> SOURCE MATERIAL:
[Start of section]
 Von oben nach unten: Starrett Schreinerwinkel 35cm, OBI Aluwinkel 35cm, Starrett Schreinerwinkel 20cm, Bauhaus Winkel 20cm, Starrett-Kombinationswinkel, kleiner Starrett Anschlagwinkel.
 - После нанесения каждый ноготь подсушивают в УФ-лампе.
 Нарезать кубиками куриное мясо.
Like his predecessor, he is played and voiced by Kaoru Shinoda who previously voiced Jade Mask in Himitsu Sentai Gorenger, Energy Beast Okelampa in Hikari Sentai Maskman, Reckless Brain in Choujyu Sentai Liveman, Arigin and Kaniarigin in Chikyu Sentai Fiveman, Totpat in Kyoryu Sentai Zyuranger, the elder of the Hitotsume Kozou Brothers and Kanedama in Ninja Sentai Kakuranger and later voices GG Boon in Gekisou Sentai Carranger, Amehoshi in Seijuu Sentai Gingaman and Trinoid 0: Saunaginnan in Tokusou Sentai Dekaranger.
[End of section]
[Start of section]
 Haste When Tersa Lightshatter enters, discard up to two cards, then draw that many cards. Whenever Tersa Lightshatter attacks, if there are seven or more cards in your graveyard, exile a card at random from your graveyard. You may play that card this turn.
[End of section]
> TASK GOAL: Would you please copy exactly the part of the entries above that begins at the line containing "Нарезать кубиками куриное мясо." and ends at the line containing "Like his predecessor, he", both lines included?

> ANSWER SPACE:
 Нарезать кубиками куриное мясо.
Like his predecessor, he is played and voiced by Kaoru Shinoda who previously voiced Jade Mask in Himitsu Sentai Gorenger, Energy Beast Okelampa in Hikari Sentai Maskman, Reckless Brain in Choujyu Sentai Liveman, Arigin and Kaniarigin in Chikyu Sentai Fiveman, Totpat in Kyoryu Sentai Zyuranger, the elder of the Hitotsume Kozou Brothers and Kanedama in Ninja Sentai Kakuranger and later voices GG Boon in Gekisou Sentai Carranger, Amehoshi in Seijuu Sentai Gingaman and Trinoid 0: Saunaginnan in Tokusou Sentai Dekaranger.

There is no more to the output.